Task statement: Your copy should repeat the data that follows exactly and contain no image.

-------

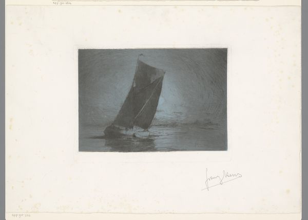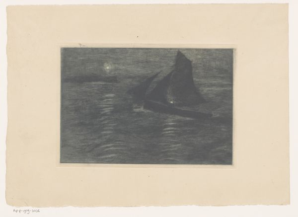 Curator: This Eugène Jansson ink drawing, titled "I Solstrimman," was created in 1900. What are your initial thoughts? Editor: Serene. The monochrome palette lends a tranquil air, and that strong vertical axis, where the sun catches the water, emphasizes depth while also bisecting the image into distinct areas. What story does it tell? Curator: Beyond its surface beauty, it encapsulates Jansson's ongoing exploration of light, particularly as a motif. Sunlight, radiating and powerful, symbolized for many fin-de-siècle artists a certain spiritual essence, often tied to the concept of awakening or transformation. Do you see a parallel there, between the symbolic potential of the light and the rise of the modern aesthetic in Scandinavia? Editor: Definitely. It's also crucial to view this through the lens of the burgeoning political landscapes. Consider Sweden at the turn of the century: Industrialization was ramping up, urban spaces expanding—there’s almost a silent resistance here, an almost melancholic longing for a simpler time reflected in the soft handling of the cityscape in the distance. Is there more significance to the ship here? Curator: Intriguingly, ships, for Jansson, carry strong symbolism, appearing often. A vessel cutting through water can symbolize a journey, but also vulnerability, particularly in contrast to an overwhelming natural force, such as here, the sea meeting a strong sunlight. Its smallness against the light makes one question, "is the human element here resilient, or destined to be consumed by it?". Editor: Right, like the individual against forces much larger than themselves: cultural shifts, industrial expansions. So the visual stillness is loaded with an understated, social anxiety and even resistance to the changes the country was going through, wouldn't you agree? Curator: It is also intriguing how he chooses to work primarily in monochrome to present a natural scene so bursting with luminosity; perhaps it is the reduction of sensory overload which makes the work that much more of an emotive imprint. Editor: Ultimately, Jansson masterfully utilizes light and shadow to render the nuances of not just a seascape, but an inner emotional landscape amidst a rapidly changing world. Curator: An introspective reflection, indeed, revealing how art captures not just a moment in time but an enduring aspect of the human condition.
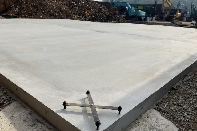 筑西市、工場敷地内にて台貫基礎工事のベース打設が完了しました。
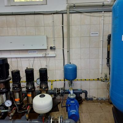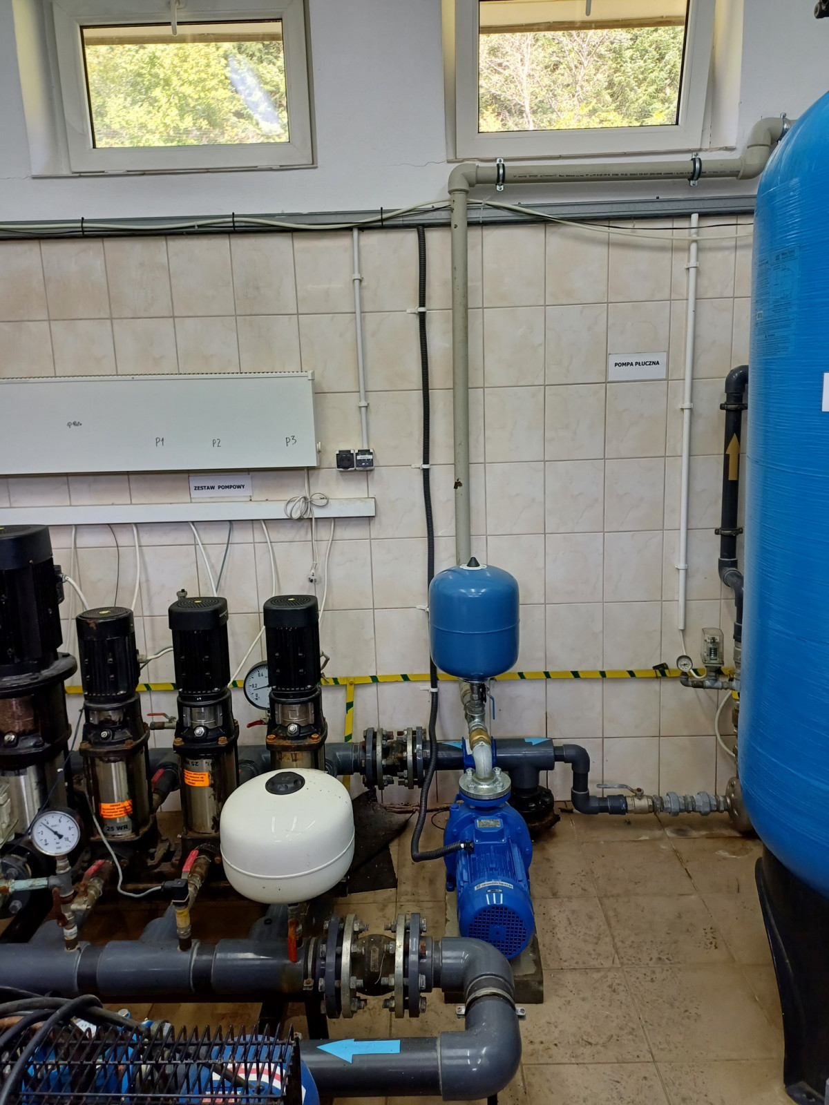 - na stacji Uzdatniania Wody w Nowym ŁUPKOWIE montaż falownika pomp pierwszego stopnia, złoże filtrujące ujęcia brzeżnego, zasuw odcinających – 9 szt., filtra pośpiesznego drugiego stopnia wraz ze złożem – 2 szt., zbiornika kontaktowego – 2m3, pompy dozującej chlor, zaworu bezpieczeństwa regulowanego do 4 Bar;
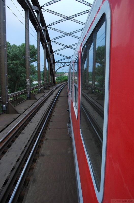Gespiegeltes Frankfurt. Blick aus RB 15840 in die Bogenbrücke über dem Main zwischen Frankfurt Ost und Frankfurt Süd. (13. Juli 2009)
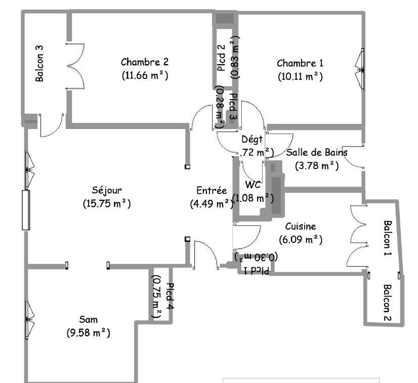 Il comprend une entrée de 4.49m², cuisine de 6.09m² avec accès au balcon, salon-salle à manger de 25.33m² avec placard et accès au balcon, 2 chambres de 10.11m² et 11.66m² dont une donnant sur un balcon, salle de bains de 3.76m², WC séparés.
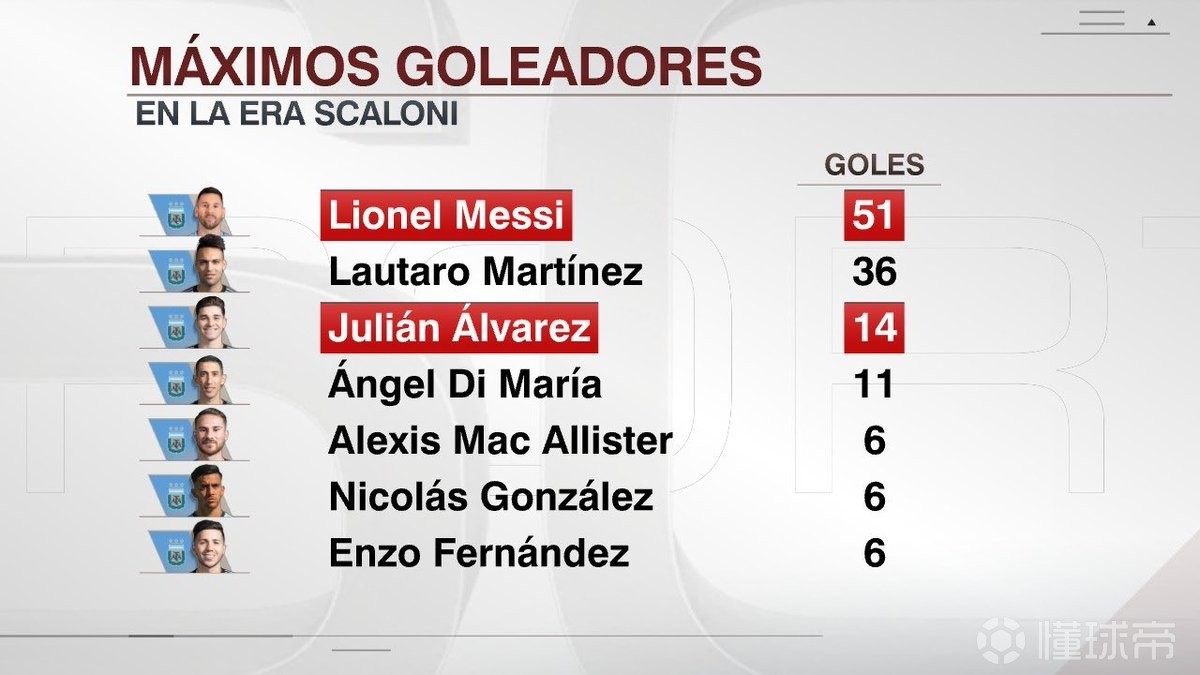 斯卡洛尼治下阿根廷队射手榜:梅西51球第一,小蜘蛛14球第三
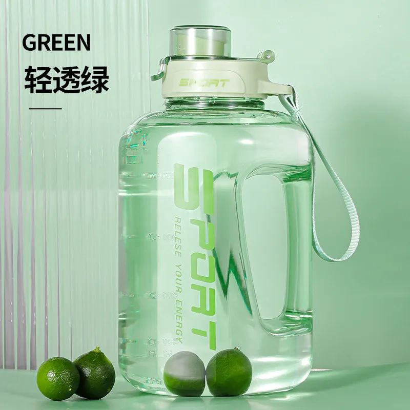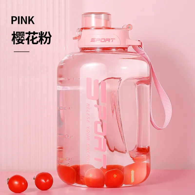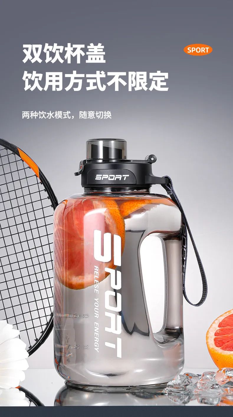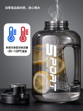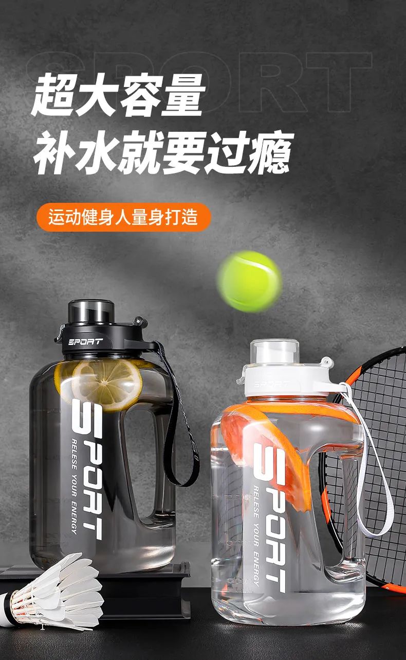 而这个大肚杯的亮点就是——大,最大啊的一壶有2.5L,实际可以装5瓶矿泉水。不管是室内健身,还是户外运动,一壶就能够给人体提供足够多的饮水量,再也不用来回接水了。
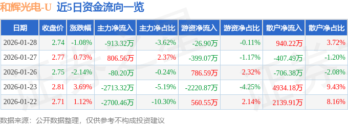 1月28日的资金流向数据方面,主力资金净流出913.32万元,占总成交额3.62%,游资资金净流出26.9万元,占总成交额0.11%,散户资金净流入940.22万元,占总成交额3.72%。
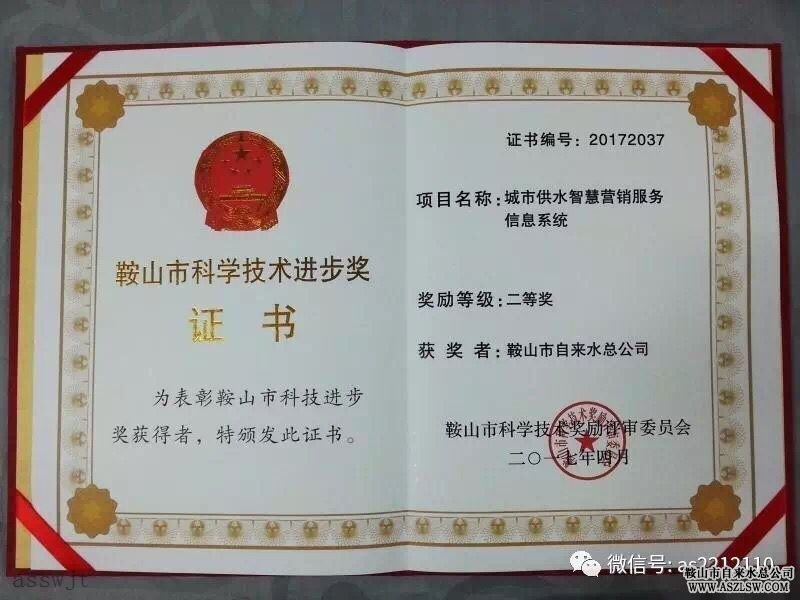 該系統的研制與運行,受到了市政府、同行業(yè),以及廣大用戶(hù)的高度關(guān)注和贊揚,真真正正給用戶(hù)帶來(lái)了便利,榮獲2016年度鞍山市科學(xué)技術(shù)進(jìn)步二等獎。
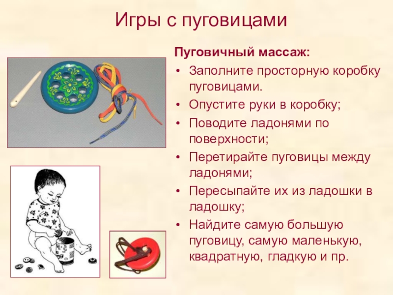 или несколько шариков или бусинок. Ребенок ощупывает их через ткань, перебирает пальчиками, массируя активные зоны руки.
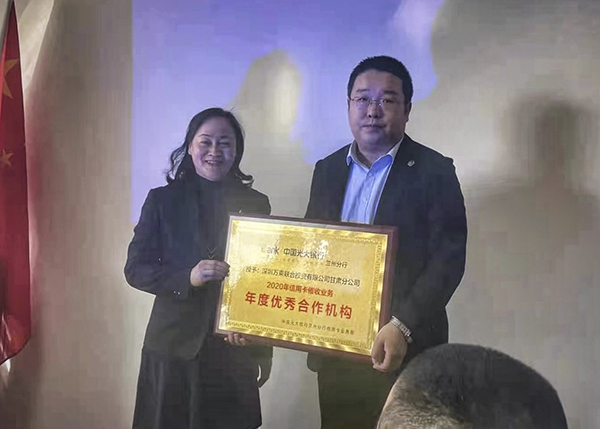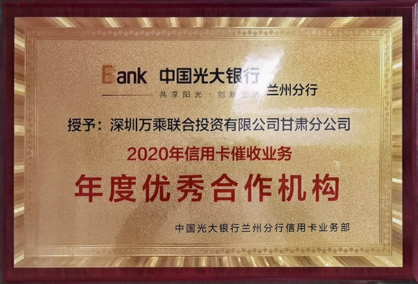 2021年3月11日上午,在中国光大银行兰州分行信用卡部召开的2020年度委外催收工作表彰会议上,甘肃万乘荣获中国光大银行兰州分行“2020年信用卡催收业务年度优秀合作机构”奖项。甘肃万乘总经理张廷应邀出席会议。
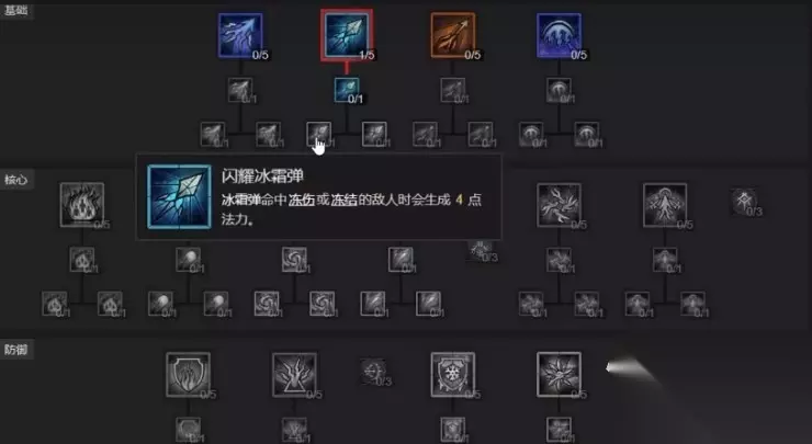 4级的时候可以点火球术,5级的时候点上面提到的过闪耀冰霜弹恢复法力,6~7级继续点火球。8级的时候分别点出传送术、寒冰甲、冰霜新星这三个防御类的技能。冰霜新星这个技能是法师的核心技能,点出这个技能之后在11级12级的时候再点出“强化冰霜新星”和“神秘冰霜新星”。
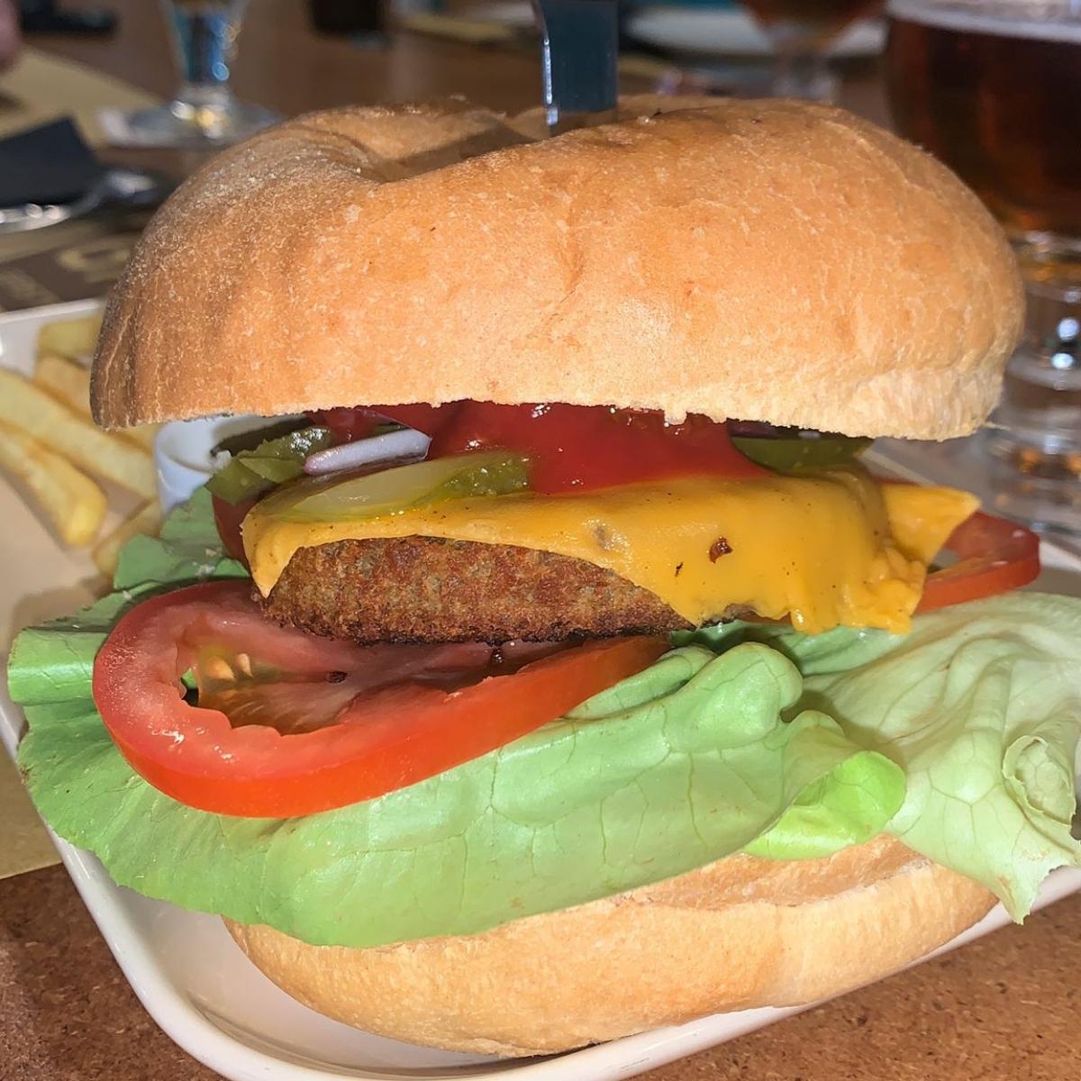 Classico hamburger vegetale con patty di verdure, lattuga, pomodoro, cetriolo, pomodori secchi e cheddar vegetale, il tutto accompagnato da patatine.

-------

Answer for the task:
 Curator: This Eugène Jansson ink drawing, titled "I Solstrimman," was created in 1900. What are your initial thoughts? Editor: Serene. The monochrome palette lends a tranquil air, and that strong vertical axis, where the sun catches the water, emphasizes depth while also bisecting the image into distinct areas. What story does it tell? Curator: Beyond its surface beauty, it encapsulates Jansson's ongoing exploration of light, particularly as a motif. Sunlight, radiating and powerful, symbolized for many fin-de-siècle artists a certain spiritual essence, often tied to the concept of awakening or transformation. Do you see a parallel there, between the symbolic potential of the light and the rise of the modern aesthetic in Scandinavia? Editor: Definitely. It's also crucial to view this through the lens of the burgeoning political landscapes. Consider Sweden at the turn of the century: Industrialization was ramping up, urban spaces expanding—there’s almost a silent resistance here, an almost melancholic longing for a simpler time reflected in the soft handling of the cityscape in the distance. Is there more significance to the ship here? Curator: Intriguingly, ships, for Jansson, carry strong symbolism, appearing often. A vessel cutting through water can symbolize a journey, but also vulnerability, particularly in contrast to an overwhelming natural force, such as here, the sea meeting a strong sunlight. Its smallness against the light makes one question, "is the human element here resilient, or destined to be consumed by it?". Editor: Right, like the individual against forces much larger than themselves: cultural shifts, industrial expansions. So the visual stillness is loaded with an understated, social anxiety and even resistance to the changes the country was going through, wouldn't you agree? Curator: It is also intriguing how he chooses to work primarily in monochrome to present a natural scene so bursting with luminosity; perhaps it is the reduction of sensory overload which makes the work that much more of an emotive imprint. Editor: Ultimately, Jansson masterfully utilizes light and shadow to render the nuances of not just a seascape, but an inner emotional landscape amidst a rapidly changing world. Curator: An introspective reflection, indeed, revealing how art captures not just a moment in time but an enduring aspect of the human condition.
 筑西市、工場敷地内にて台貫基礎工事のベース打設が完了しました。
 - na stacji Uzdatniania Wody w Nowym ŁUPKOWIE montaż falownika pomp pierwszego stopnia, złoże filtrujące ujęcia brzeżnego, zasuw odcinających – 9 szt., filtra pośpiesznego drugiego stopnia wraz ze złożem – 2 szt., zbiornika kontaktowego – 2m3, pompy dozującej chlor, zaworu bezpieczeństwa regulowanego do 4 Bar;
Gespiegeltes Frankfurt. Blick aus RB 15840 in die Bogenbrücke über dem Main zwischen Frankfurt Ost und Frankfurt Süd. (13. Juli 2009)
 Il comprend une entrée de 4.49m², cuisine de 6.09m² avec accès au balcon, salon-salle à manger de 25.33m² avec placard et accès au balcon, 2 chambres de 10.11m² et 11.66m² dont une donnant sur un balcon, salle de bains de 3.76m², WC séparés.
 斯卡洛尼治下阿根廷队射手榜:梅西51球第一,小蜘蛛14球第三
 而这个大肚杯的亮点就是——大,最大啊的一壶有2.5L,实际可以装5瓶矿泉水。不管是室内健身,还是户外运动,一壶就能够给人体提供足够多的饮水量,再也不用来回接水了。
 1月28日的资金流向数据方面,主力资金净流出913.32万元,占总成交额3.62%,游资资金净流出26.9万元,占总成交额0.11%,散户资金净流入940.22万元,占总成交额3.72%。
 該系統的研制與運行,受到了市政府、同行業(yè),以及廣大用戶(hù)的高度關(guān)注和贊揚,真真正正給用戶(hù)帶來(lái)了便利,榮獲2016年度鞍山市科學(xué)技術(shù)進(jìn)步二等獎。
 или несколько шариков или бусинок. Ребенок ощупывает их через ткань, перебирает пальчиками, массируя активные зоны руки.
 2021年3月11日上午,在中国光大银行兰州分行信用卡部召开的2020年度委外催收工作表彰会议上,甘肃万乘荣获中国光大银行兰州分行“2020年信用卡催收业务年度优秀合作机构”奖项。甘肃万乘总经理张廷应邀出席会议。
 4级的时候可以点火球术,5级的时候点上面提到的过闪耀冰霜弹恢复法力,6~7级继续点火球。8级的时候分别点出传送术、寒冰甲、冰霜新星这三个防御类的技能。冰霜新星这个技能是法师的核心技能,点出这个技能之后在11级12级的时候再点出“强化冰霜新星”和“神秘冰霜新星”。
 Classico hamburger vegetale con patty di verdure, lattuga, pomodoro, cetriolo, pomodori secchi e cheddar vegetale, il tutto accompagnato da patatine.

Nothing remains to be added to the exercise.